#### WORK ITEM
Print the whole listing again exactly, keeping no pictures in it.
= = = = = = =
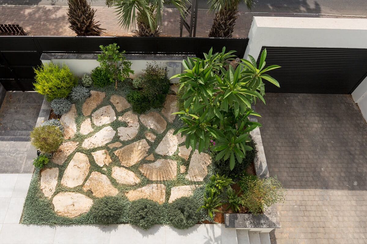 עיצוב באבן מדרך בזלת וכורכר בשילוב צמחייה. חזרה >>
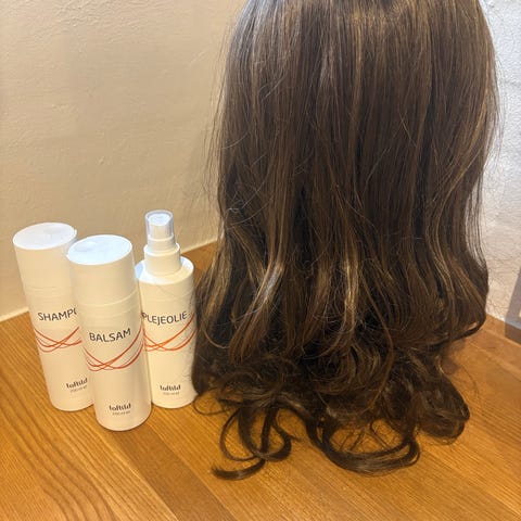 Paryk, 5 kemohuer, shampoo, balsam og hårbørste UBRUGT
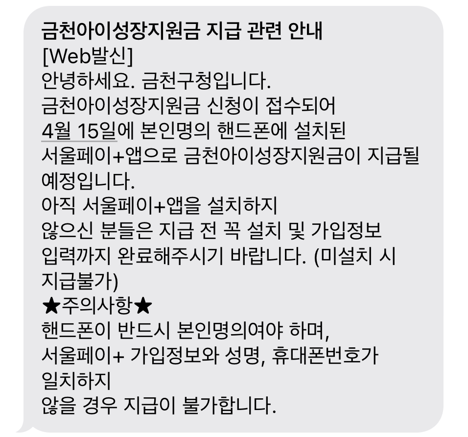 신청하고 다음 달 7일에 문자가 띵동 도착했다
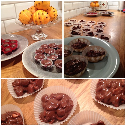 Bilderna visar det julgodis jag gjorde igår kväll. Tre sorter blev det och alla goda, kan jag intyga: mozartkulor, nougatkulor och rocky roads. Annars brukar jag göra fler godissorter än så på julen, men i år har inte det rikitgt hunnits med.
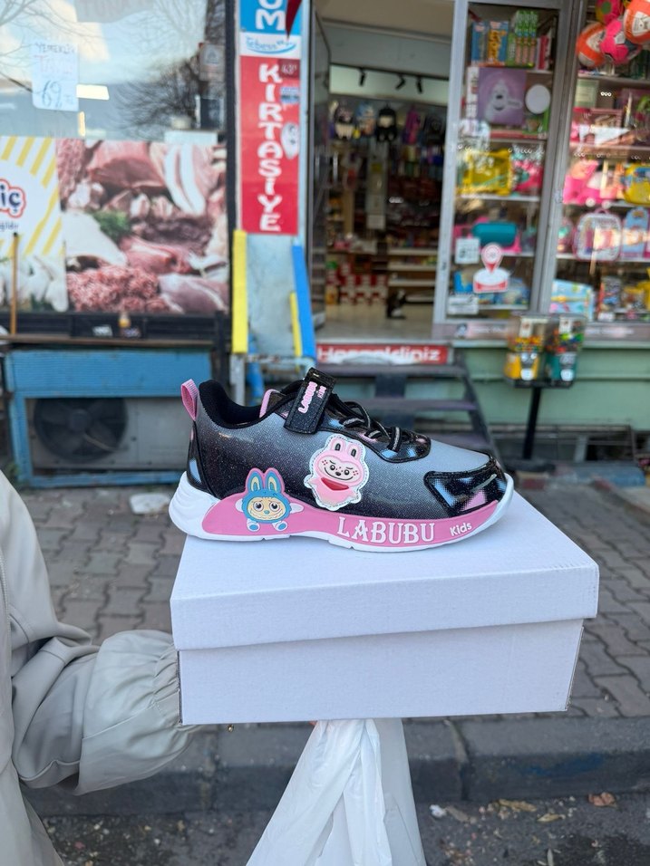 Kız çocukları için renkli, baskılı desenli, pembe tabanlı ve velcro kapamalı spor ayakkabı. Kauçuk malzemeden üretilmiştir.
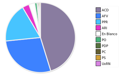 - Columna Porcentaje sobre Válidos no toma en cuenta los votos en blanco ni nulos (usado para D'Hondt de corresponder).
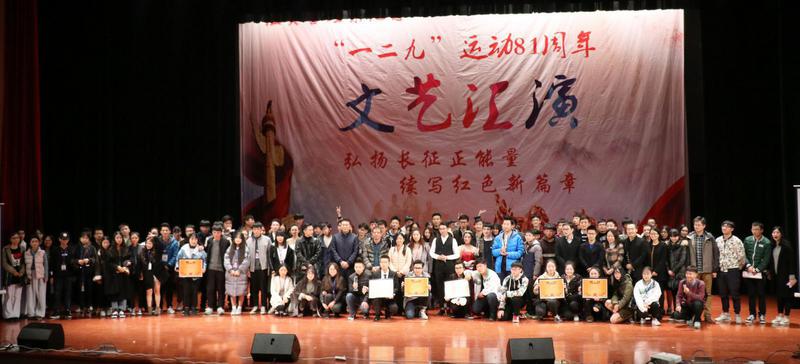 今年是“一二九运动”81周年,同时也是长征胜利80周年,为激发当代大学生的爱国主义热情,展示班级学生的精神风貌,将爱国主义精神融入校园日常活动,12月8日,经贸管理系在长安校区剧场隆重举办纪念“一二九运动”81周年班团文化节文艺汇演,校党委宣传部副部长熊峰、学生处副处长温长胜、系班子成员、新生班主任、长安校区辅导员观看了汇报演出。
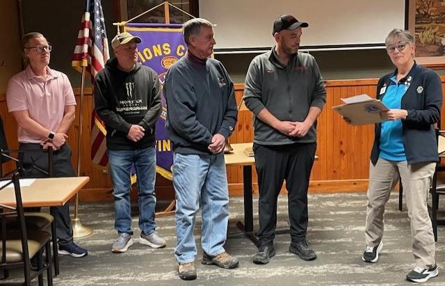 Pictured left to right are: President Dan McCann, Sponsor Bret Nelson, New Members Gary Marlow and Louie Naniot and Lions Club Foundation Director Chris Waring, who performed the Installation ceremony.
= = = = = = =
#### ANSWER
 עיצוב באבן מדרך בזלת וכורכר בשילוב צמחייה. חזרה >>
 Paryk, 5 kemohuer, shampoo, balsam og hårbørste UBRUGT
 신청하고 다음 달 7일에 문자가 띵동 도착했다
 Bilderna visar det julgodis jag gjorde igår kväll. Tre sorter blev det och alla goda, kan jag intyga: mozartkulor, nougatkulor och rocky roads. Annars brukar jag göra fler godissorter än så på julen, men i år har inte det rikitgt hunnits med.
 Kız çocukları için renkli, baskılı desenli, pembe tabanlı ve velcro kapamalı spor ayakkabı. Kauçuk malzemeden üretilmiştir.
 - Columna Porcentaje sobre Válidos no toma en cuenta los votos en blanco ni nulos (usado para D'Hondt de corresponder).
 今年是“一二九运动”81周年,同时也是长征胜利80周年,为激发当代大学生的爱国主义热情,展示班级学生的精神风貌,将爱国主义精神融入校园日常活动,12月8日,经贸管理系在长安校区剧场隆重举办纪念“一二九运动”81周年班团文化节文艺汇演,校党委宣传部副部长熊峰、学生处副处长温长胜、系班子成员、新生班主任、长安校区辅导员观看了汇报演出。
 Pictured left to right are: President Dan McCann, Sponsor Bret Nelson, New Members Gary Marlow and Louie Naniot and Lions Club Foundation Director Chris Waring, who performed the Installation ceremony.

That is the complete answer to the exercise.